Work instruction:
Write out every line of the material as it stands, apart from the pictures.

Source data:
------------------------

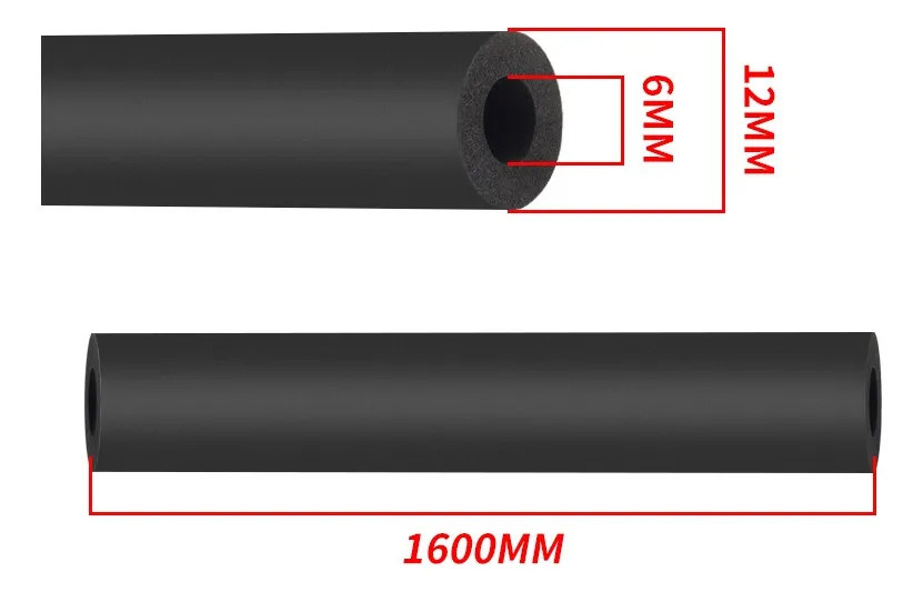 Largo 1.6mDiámetro externo 12mmDiámetro interno 6mmMaterial espuma
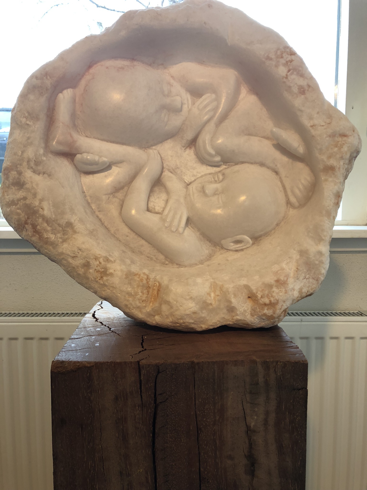Beeld van een ongeboren tweeling in albast.
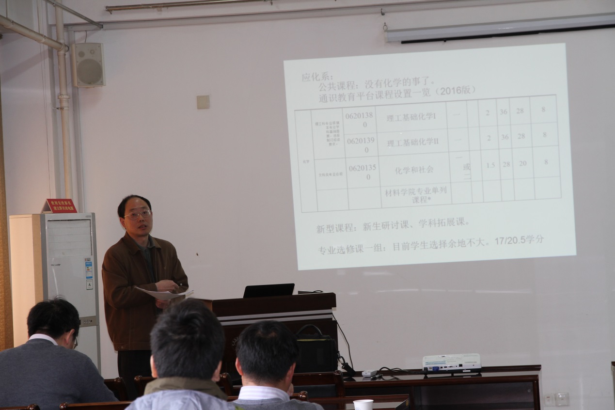 2016年4月1日,应化系召开“十三五”本科专业建设规划及2016年本科教学建设工作研讨会,教学主任祁欣在认真学习消化炸金花平台 文件精神的基础上,结合教育部“本科教学审核评估”工作,提出了“一个抓手、一个主体、二个基本点、五个方面”的建设思路与理念。一个抓手是指“实施‘品牌专业建设工程’”;一个主体指“学生在教学中的主体地位”;二个基本点为“学时要缩短、教学要改革”;五个方面包括“考试方法、教学模式、创新培育、国际化培养、管理方面”。

------------------------

Your response:
 Largo 1.6mDiámetro externo 12mmDiámetro interno 6mmMaterial espuma
Beeld van een ongeboren tweeling in albast.
 2016年4月1日,应化系召开“十三五”本科专业建设规划及2016年本科教学建设工作研讨会,教学主任祁欣在认真学习消化炸金花平台 文件精神的基础上,结合教育部“本科教学审核评估”工作,提出了“一个抓手、一个主体、二个基本点、五个方面”的建设思路与理念。一个抓手是指“实施‘品牌专业建设工程’”;一个主体指“学生在教学中的主体地位”;二个基本点为“学时要缩短、教学要改革”;五个方面包括“考试方法、教学模式、创新培育、国际化培养、管理方面”。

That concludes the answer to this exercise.